**Records supplied**
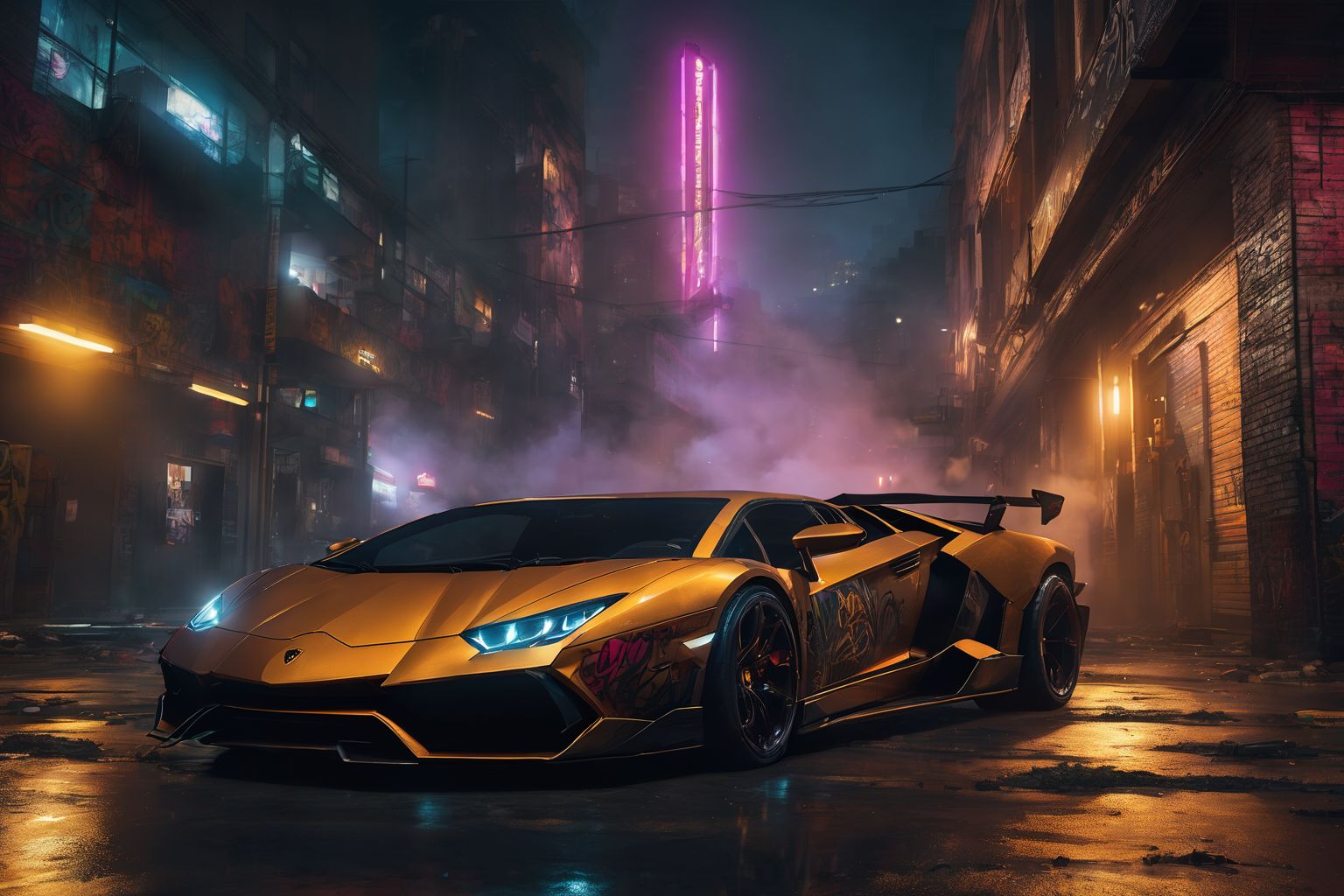 at night:1.2 cyberpunk tall building,complex lighting,((mechanical elements)),(smoke and fog:1.2),steam punk vibe,graffiti wall,metallic accessories,Lamborghini super car,wide-angle view,Cinematic Lighting,rim light,extreme.
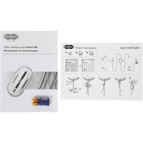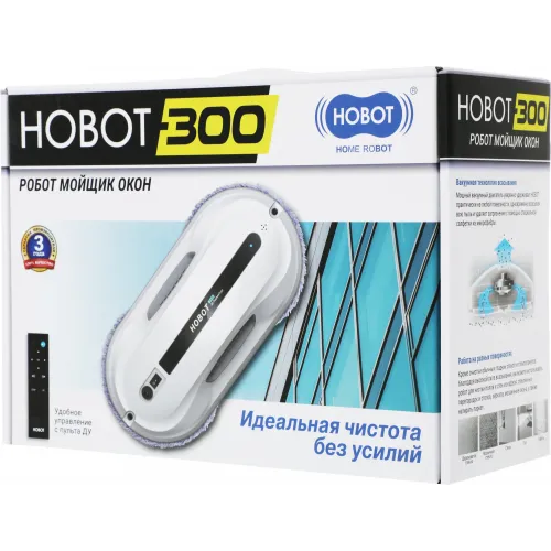 | Комплектация | робот HOBOT-300, страховочный шнур, пульт ДУ, адаптер питания, шнур питания переменного тока, удлинитель постоянного тока, чистящие салфетки из микрофибры (6 шт. + 2 шт. на роботе), кольцо для салфеток (2 шт. + 2 шт. на роботе), руководство пользователя, гарантийный талон |
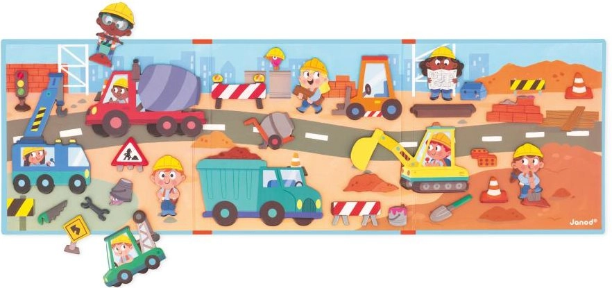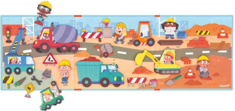 A Janod mágneses könyv építkezés témában tökéletes választás szórakozáshoz és tanuláshoz. A gyerekek különböző jeleneteket rakhatnak ki, történeteket alkothatnak, miközben fejlődik finommotorikájuk és logikus gondolkodásuk. A masszív háttérnek és minőségi mágneseknek köszönhetően az elemek a helyükön maradnak, akár otthon, akár utazás közben.
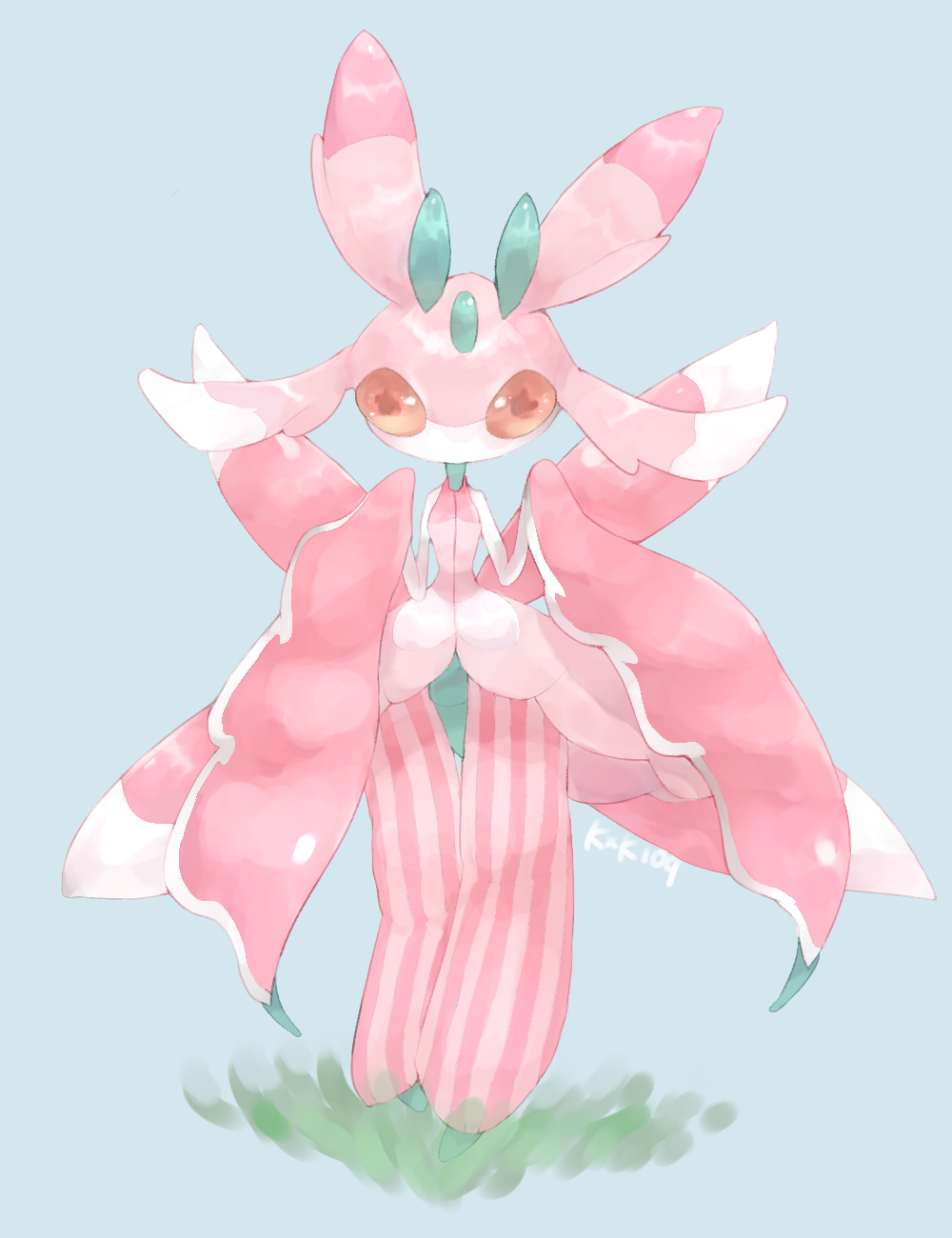 1girl antennae arthropod_girl artist_name blue_background colored_skin female_focus flat_chest full_body furry furry_female gen_7_pokemon grass green_skin hands_up highres legs looking_at_viewer lurantis multicolored_skin natsumekan nintendo no_mouth orange_eyes pink_skin pokemon pokemon_(creature) signature simple_background solo standing straight-on striped_skin white_skin
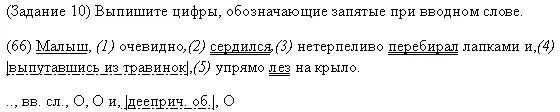 (64) Один гусенок, с темной ленточкой на спине, неуклюже переставляя широкие кривые лапки, пытался взобраться на крыло гусака. (65) Но всякий раз, не удержавшись, кубарем летел в траву. (66) Малыш, (1) очевидно,(2) сердился,(3) нетерпеливо перебирал лапками и,(4) выпутавшись из травинок,(5) упрямо лез на крыло. (67) Наконец гусёнок вскарабкался на спину своего отца и замер. (68) Он никогда не забирался так высоко. (69) Перед ним открылся удивительный мир, полный сверкающих трав и солнца.
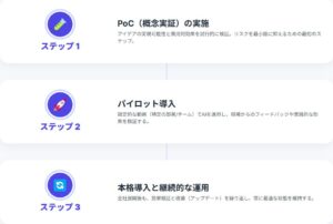 AI導入におけるPoCでは、特定の業務プロセスにAIを試験的に導入し、その効果や課題を検証します。PoCを実施することで、AI導入の実現可能性や費用対効果を事前に把握することができます。また、PoCを通じて、AI導入に必要なデータやインフラ、スキルなどを洗い出すことができます。
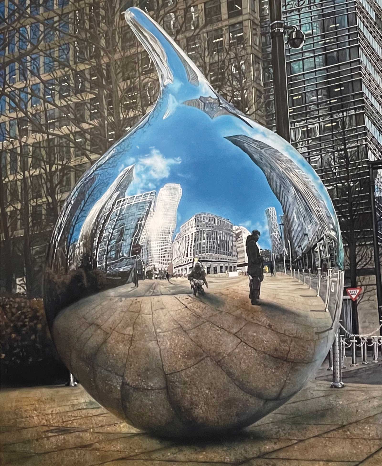 Photorealism artists such as Estes, Sparnaay, Goings and Averbach are my idols. Capturing what are often considered mundane everyday objects or city scenes into lifelike works of art blows me away. The Tear Drop, a sculpture located in East London, depicts the ever-changing evolution of the business district. With glass and metal in abundance, the reflections on Tear Drop preserve a split second in time, serving as a memory of the many years I spent in that landscape. It’s pleasing to see viewers recognize that there is more to see than just the object in front of them.
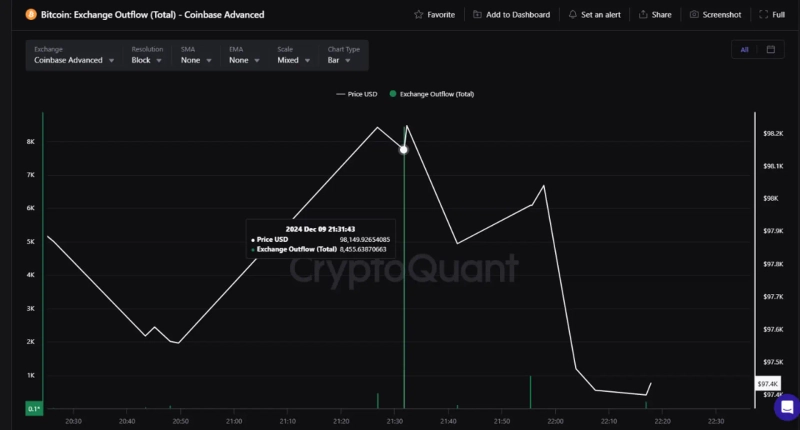 On the 10th (local time), CryptoQuant author Burak Kesmeci reported that "a phenomenon occurred where 8,455 BTC was withdrawn from a single block on Coinbase the previous day."
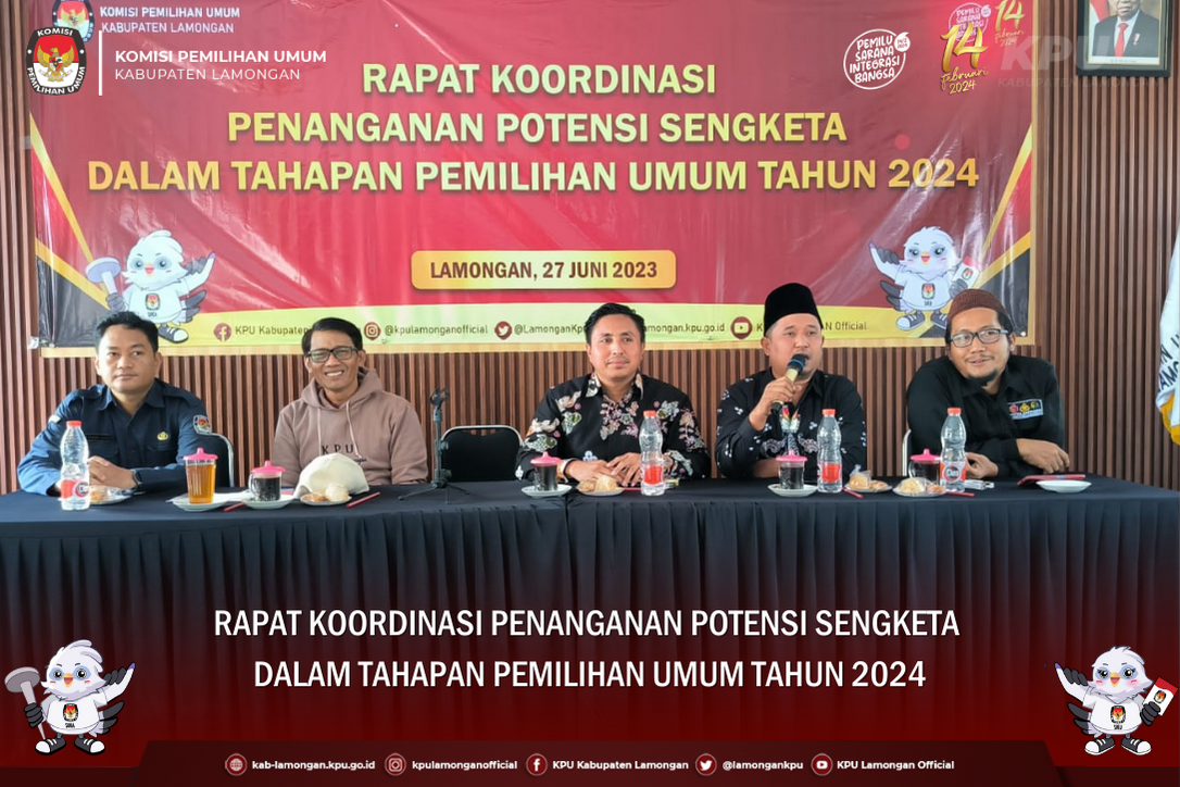 kab-lamongan.kpu.go.id Lamongan, KPU Kabupaten Lamongan mnggelar Rapat Koordinasi Penanganan Potensi Sengketa Dalam Tahapan Pemilihan Umum Tahun 2024, pada hari selasa (27/06), jam 09.00-11.00 WIB. Hadir sebagai peserta Rakor yaitu Divisi Hukum PPK Se-Kabupaten Lamongan. Dalam sambutannya, Khoirul Anam, Divisi Parmas, Sosdiklih dan SDM,menyampaikan bahwa Divisi Hukum berperan penting dalam proses tahapan pemilu yang terjadi di Kecamatan. Divisi hukum bertugas menyampaikan dan mendiskusikan regulasi terbaru terkait kepemiluan maupun sistematika Berita Acara pada kecamatan masing-masing. Setiap tahapan pemilu memiliki pijakan hukum berupa Undang-undang, Peraturan KPU, Keputusan dan seterusnya. Harapannya Divisi hukum dapat menjadi payung yang menaungi Divisi-Divisi di tingkat kecamatan terkait regulasi dalam menjalankan proses tahapan tingkat kecamatan. Selanjutnya materi mengenai potensi sengketa dalam tahapan pemilu disampaikan oleh Siswanto, Divisi Hukum. Siswanto menjelaskan bahwa saat ini tahapan masing berlangsung dan menjelaskan potensi sengketa kedepan pada tahapan pencalonan hingga pemungutan suara.
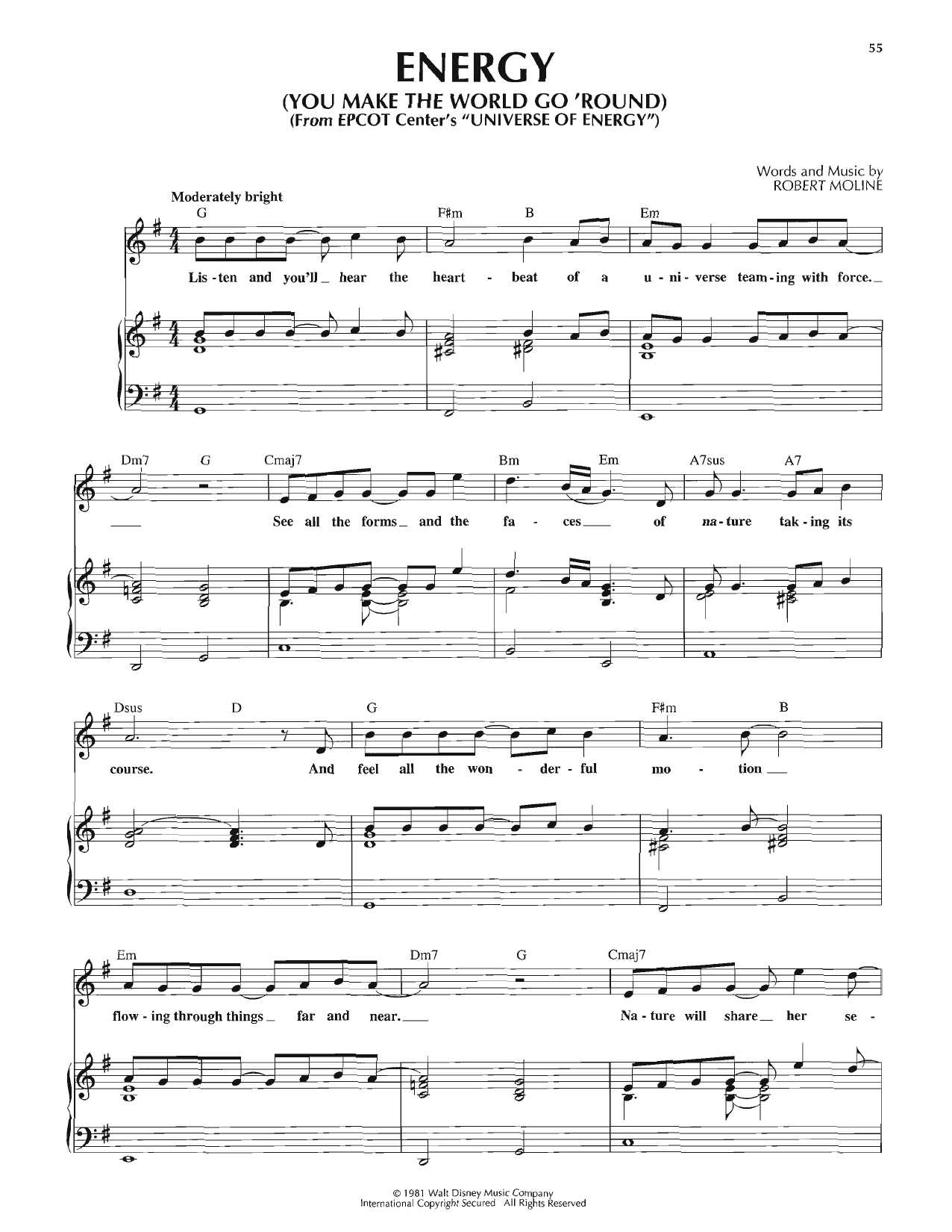 Download or print Robert Moline Energy (You Make The World Go 'Round) sheet music, chords and digital score arranged for Piano, Vocal & Guitar Chords (Right-Hand Melody). This Children score includes 3 page(s).
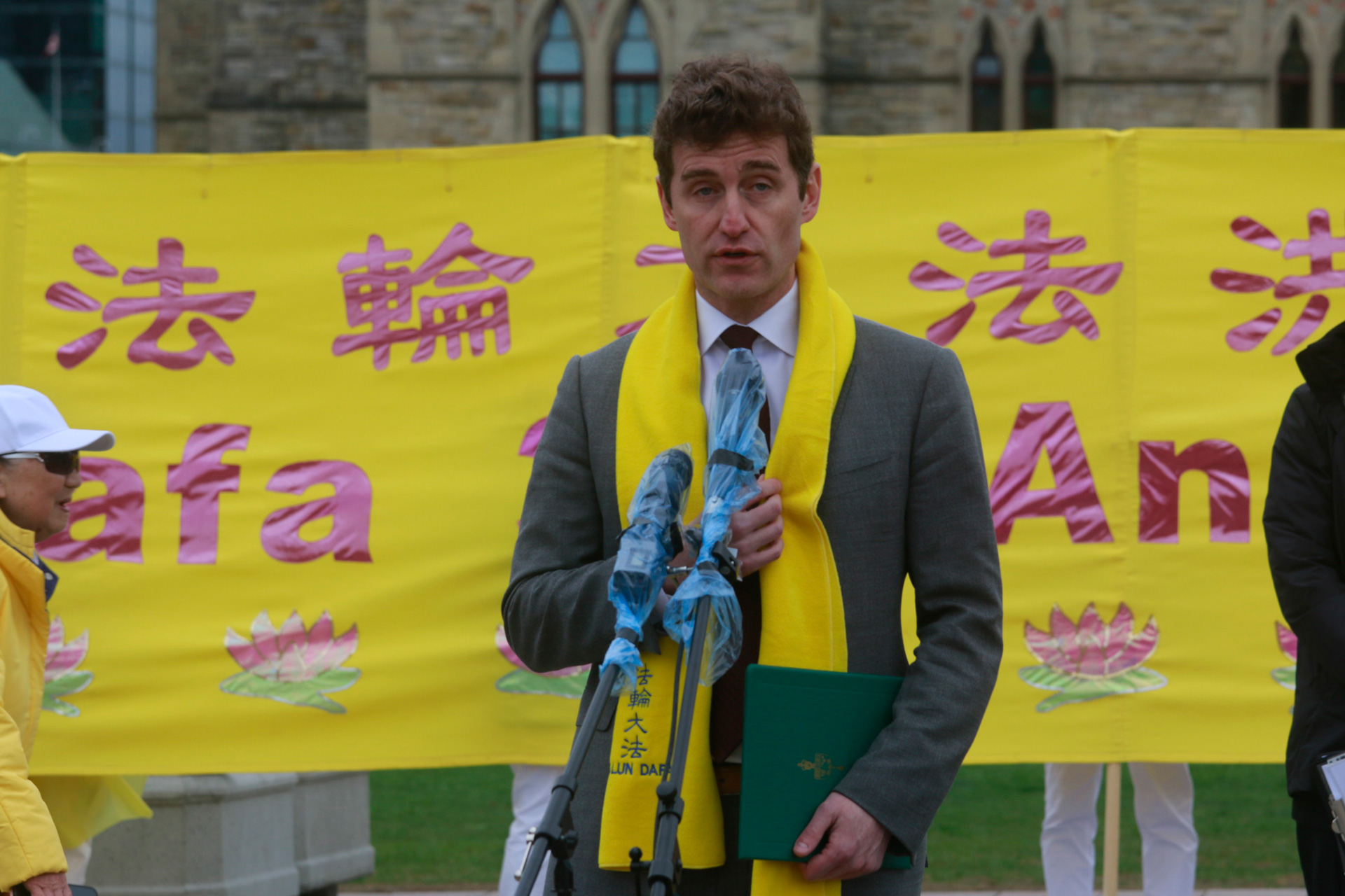 国会法轮功之友联合主席、保守党国际发展影子部长加内特·吉尼斯(Garnett Genuis)在五月八日的庆典上对法轮功学员坚持反迫害表示深深的感谢,他说:“你们守护着中国传统文化的精髓,这是共产党企图扭曲和摧毁的,而你们却致力于保护这种传统文化,并为人权和正义发声。实际上,你们也是在为法轮功的核心理念——真、善、忍而努力。”

**The problem**
Please quote the lines of the material, beginning with the first and ending with the one that contains "A Janod mágneses", exactly as written and without any pictures.

**Exercise solution**
 at night:1.2 cyberpunk tall building,complex lighting,((mechanical elements)),(smoke and fog:1.2),steam punk vibe,graffiti wall,metallic accessories,Lamborghini super car,wide-angle view,Cinematic Lighting,rim light,extreme.
 | Комплектация | робот HOBOT-300, страховочный шнур, пульт ДУ, адаптер питания, шнур питания переменного тока, удлинитель постоянного тока, чистящие салфетки из микрофибры (6 шт. + 2 шт. на роботе), кольцо для салфеток (2 шт. + 2 шт. на роботе), руководство пользователя, гарантийный талон |
 A Janod mágneses könyv építkezés témában tökéletes választás szórakozáshoz és tanuláshoz. A gyerekek különböző jeleneteket rakhatnak ki, történeteket alkothatnak, miközben fejlődik finommotorikájuk és logikus gondolkodásuk. A masszív háttérnek és minőségi mágneseknek köszönhetően az elemek a helyükön maradnak, akár otthon, akár utazás közben.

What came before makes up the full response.